**Instructions for the task**.
Could you restate word for word only the lines below from the one holding "Hình ảnh nam" to the one holding "Με μεγάλη χαρά", inclusive, and leave out the pictures?

**Available data**.
+ + + + + + +

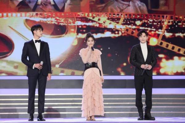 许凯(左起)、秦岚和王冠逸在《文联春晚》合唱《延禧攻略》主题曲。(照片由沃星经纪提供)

+ + + + + + +

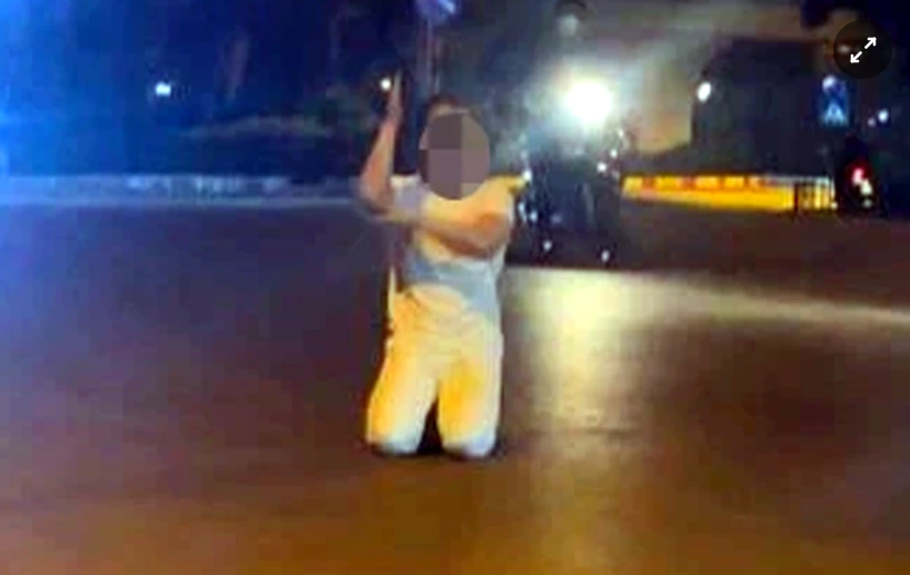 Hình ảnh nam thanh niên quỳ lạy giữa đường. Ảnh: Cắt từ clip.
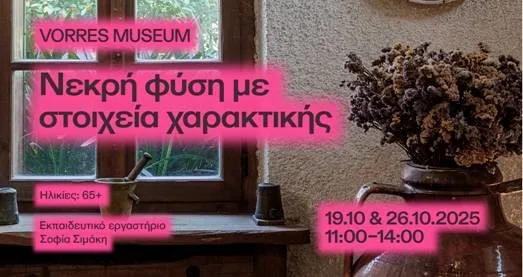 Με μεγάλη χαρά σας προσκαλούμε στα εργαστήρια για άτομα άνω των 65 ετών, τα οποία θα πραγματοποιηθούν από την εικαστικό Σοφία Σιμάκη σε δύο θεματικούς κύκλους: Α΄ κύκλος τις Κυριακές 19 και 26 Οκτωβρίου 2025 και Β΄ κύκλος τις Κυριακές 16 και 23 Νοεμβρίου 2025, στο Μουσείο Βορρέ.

+ + + + + + +

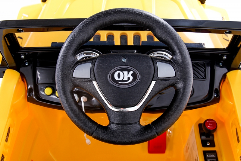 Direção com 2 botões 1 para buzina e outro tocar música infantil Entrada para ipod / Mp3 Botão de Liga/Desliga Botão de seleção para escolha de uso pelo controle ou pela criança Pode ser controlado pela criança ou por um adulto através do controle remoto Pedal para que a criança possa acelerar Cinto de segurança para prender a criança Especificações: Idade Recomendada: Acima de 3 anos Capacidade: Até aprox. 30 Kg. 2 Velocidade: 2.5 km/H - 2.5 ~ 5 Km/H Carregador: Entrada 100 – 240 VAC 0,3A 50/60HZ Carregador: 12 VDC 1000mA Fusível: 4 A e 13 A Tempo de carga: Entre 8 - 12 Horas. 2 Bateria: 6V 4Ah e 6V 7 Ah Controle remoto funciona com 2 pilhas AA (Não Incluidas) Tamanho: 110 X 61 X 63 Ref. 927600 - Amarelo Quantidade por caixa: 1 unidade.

+ + + + + + +

**Written response**.
 Hình ảnh nam thanh niên quỳ lạy giữa đường. Ảnh: Cắt từ clip.
 Με μεγάλη χαρά σας προσκαλούμε στα εργαστήρια για άτομα άνω των 65 ετών, τα οποία θα πραγματοποιηθούν από την εικαστικό Σοφία Σιμάκη σε δύο θεματικούς κύκλους: Α΄ κύκλος τις Κυριακές 19 και 26 Οκτωβρίου 2025 και Β΄ κύκλος τις Κυριακές 16 και 23 Νοεμβρίου 2025, στο Μουσείο Βορρέ.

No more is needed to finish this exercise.